As I regained a steadier voice, I heard myself say, "This is a huge blast from the past. It's hard to explain, but I guess I've always protected myself in some way, as I never saw myself so much in my children as I see Damon, through and through. I had this notion that the very core of me, the original, human version, would never be passed on to my children. But I was wrong."
Wulfe nodded, waiting for me to continue.
I swallowed, emotions flooding me, and though I struggled, my voice still worked. "When I was barely two, my dad gave me a piece of salted salmon to taste, and I loved it. I loved it so much that I asked my dad for more. And just now, Sadie did exactly that. She's the same age I was, and she looks like me, wanting salted salmon, just like my human self did centuries ago. So, she is truly mine, wholly. She has the core of me, and it's something I never thought would be passed on. I believed that part was mostly my memories and habits, but that part lives in me, and now I have passed it on."
Number nine came to sit beside me, his eyes also glistening as he saw my memories. He recalled how my mother had told me about this, how I had wanted more fish, and she had been worried it was too salty for me.
I knew this changed everything, breaking something within me that I had kept hidden and protected. Now, it had all come out. Despite having a little less than ten years left in this life, a new pain entered my heart as I thought about having to let them go when the time came.
Up until now, it had been relatively easy. Sure, it hurt when it happened, but this pain… I suppose I am now fully a mother, a parent who doesn't want to let their children go.
Sitting there, as the alpha female of our pack, Mimi Salvatore, I realized something profound. Even though centuries had passed since I was last human, this tiny toddler had just shown me that a part of me still existed within my very genes. It was astonishing, given my unique genome and the absence of human DNA. Yet, something had clearly been passed down, and with it came a whole new set of emotions.

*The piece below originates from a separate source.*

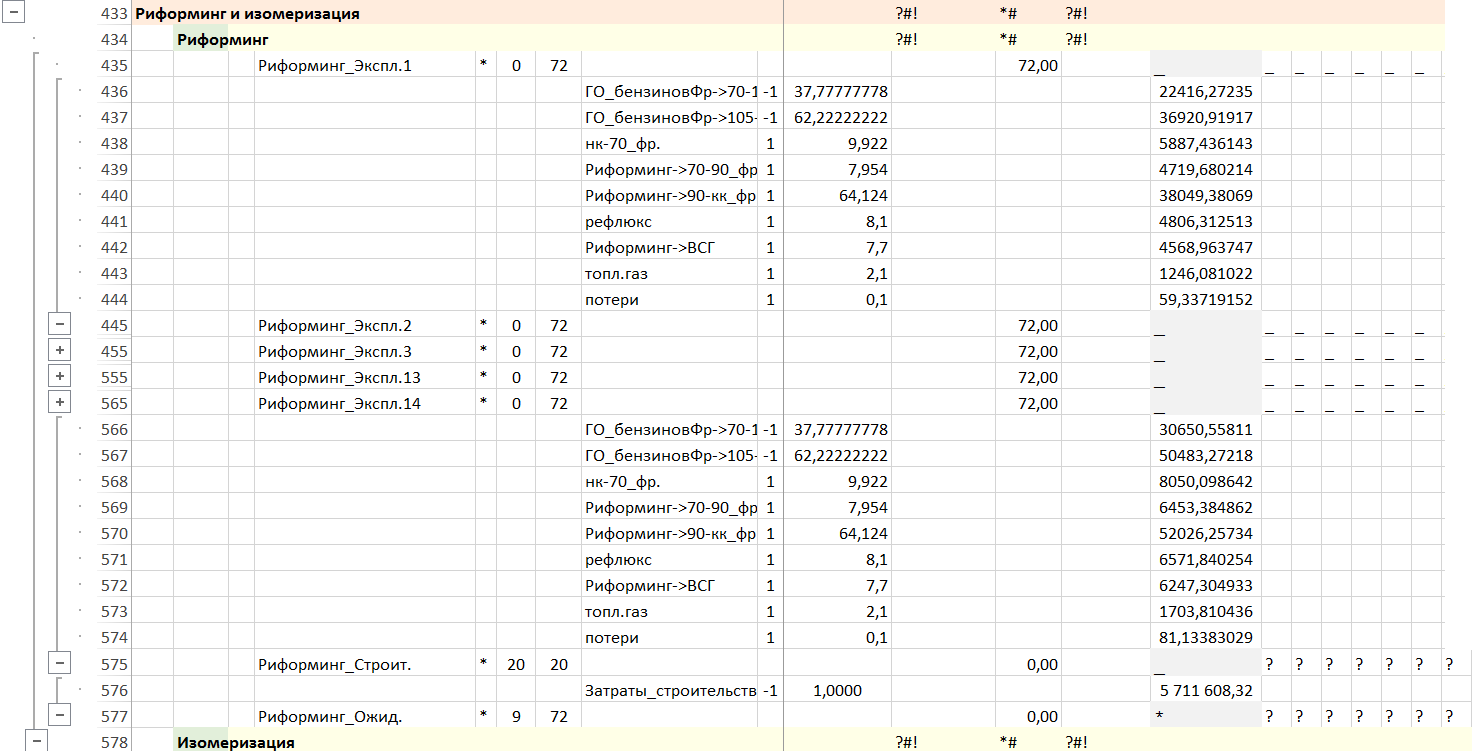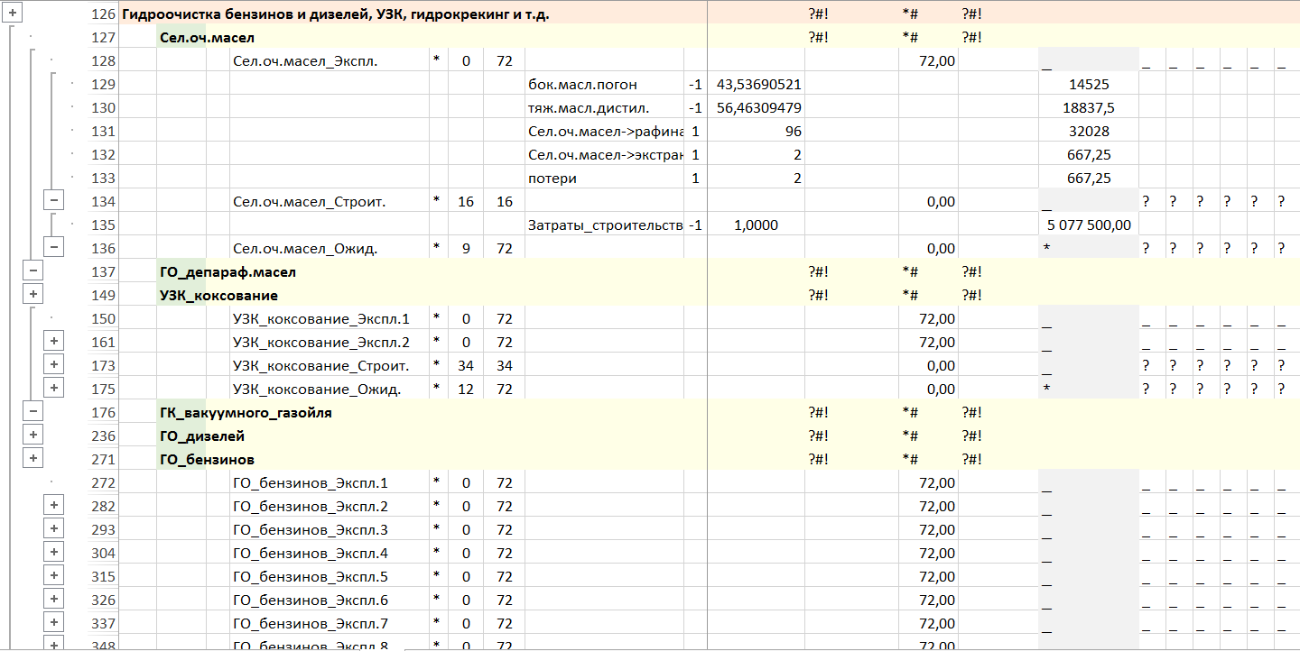 Основные установки НПЗ моделируются установками, имеющими операции «Ожид» — ожидание строительства установки (проектирование), «Строит.» — строительство установки с финансовым потоком затрат на строительство установки и «Экспл.N» — один из вариантов эксплуатации установки, отличающихся объемом переработки и составом сырья. Варианты эксплуатации установок отражают все возможные комбинации ввода в эксплуатации установок.

Responsibility washed over me, along with a powerful urge to watch these children grow. I wondered if Sadie was an anomaly or if this latent humanity existed in others, too. Would my future offspring inherit something from me, or was I merely projecting my own desires onto them? Was this part of me, the less killer, the less beast, the less animal, the spark of my lost humanity, still alive?
Lost in these thoughts, I ate my bun, having already given every piece of salmon to Sadie. Confused yet immensely proud, I felt utterly vulnerable, experiencing emotions I couldn't yet name. My life had just taken a monumental turn, and there was no turning back. Something within me had irrevocably shifted, leaving me to wonder whether this change was for better or for worse.